Big Veggie Curry

Big Veggie Curry is what I call a foundation dish.  It can be eaten “as is” over rice, which makes a delicious low fat meal.  Or you can add various things to it, such as shrimp or chicken. I freeze it in serving size containers to have on hand when I have a bit of leftovers that might mix in well. This curry is also a whatever-you-have-in-the-house recipe.  I often make it when I am cleaning out the refrigerator and discover odd and ends of vegetable, or perhaps a bag of vegetables in the freezer that is getting old. One of the times I make this curry is when I’m about to travel  long enough for vegetables to go bad when I am gone. I make up a pot of it, divide it in serving size containers, and freeze it, thus not wasting the produce and having something inviting to eat when I get back.

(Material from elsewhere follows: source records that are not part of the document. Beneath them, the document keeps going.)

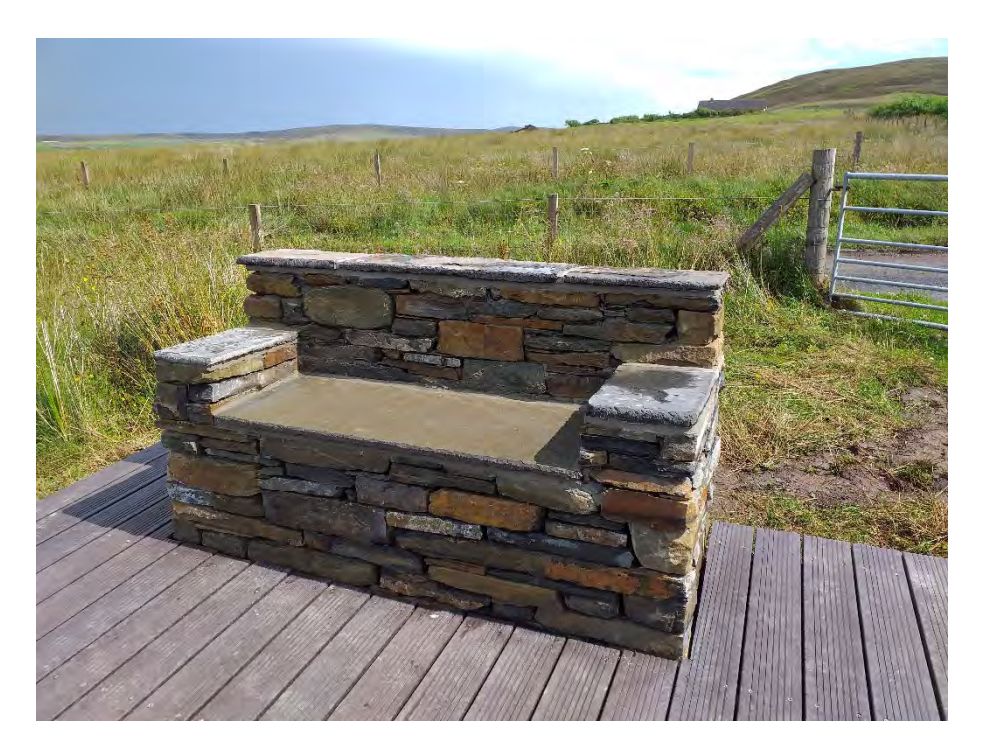
One of the new stone seats at Happy Valley
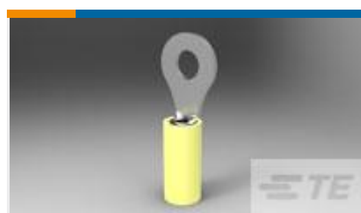
TE Part #8-35149-2 TERMINAL,PIDG R 12-10 6
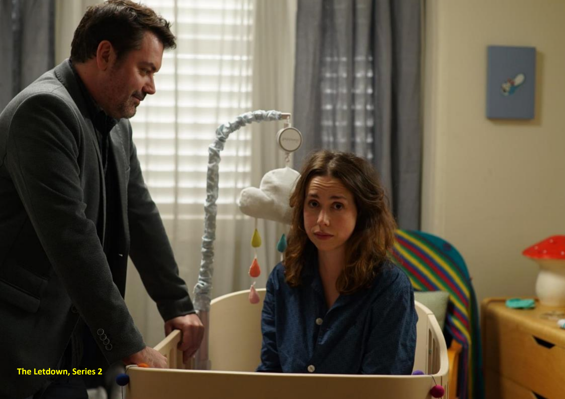
The Letdown, Series 2
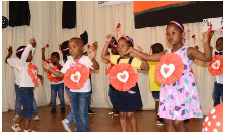
Grade 00 with 'loving hearts'

As usual it was very difficult to say goodbye to the children who were leaving us to enter Grade 1 at local Primary Schools – they become very precious to me during the time they spend at Udobo School and fill my days with fun and hugs – always lots of hugs!
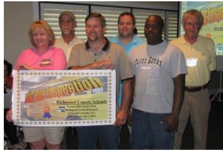
1<sup>st</sup> place Central Region-Richmond County Transportation Department
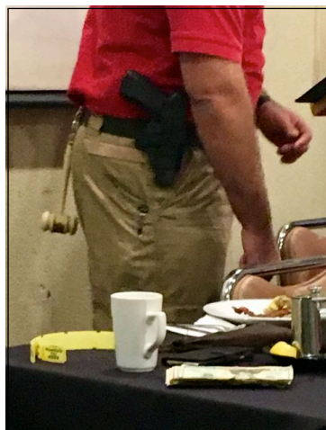
Packing heat and a stun gavel to keep us all safe!
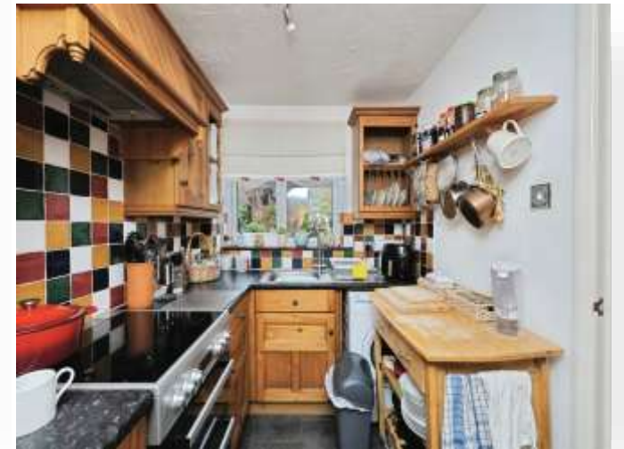
Olive Avenue, Newton Flotman Norwich NR15 1PF
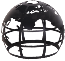
hemisphere (1 pc)
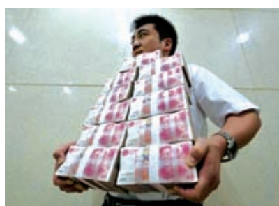
An employee carries bundles of 100 yuan Chinese bank notes to store after counting at a bank in Taiyuan, Shanxi Province on 4 July, 2013.

In many ways, this curry is more like the curries my neighbors in Mumbai made on a daily basis – less a formal recipe and more a way of cooking, each cook adding her own touch to the process. Women would come back from the bazaar across the railroad tracks from our apartment building carrying a tote bag full of whatever was fresh in the market and combine it with onions and garlic and the spices that were the staples of the Mumbai kitchen.  The beauty of this curry is that it doesn’t require specific vegetables or fruit. I sometimes add 1/2 a cup of raisins or some sliced peeled apples.  This time I had half a bag of frozen cranberries left from an earlier dish, so I threw them in too.  It was delicious. I don’t know why I didn’t think of it before.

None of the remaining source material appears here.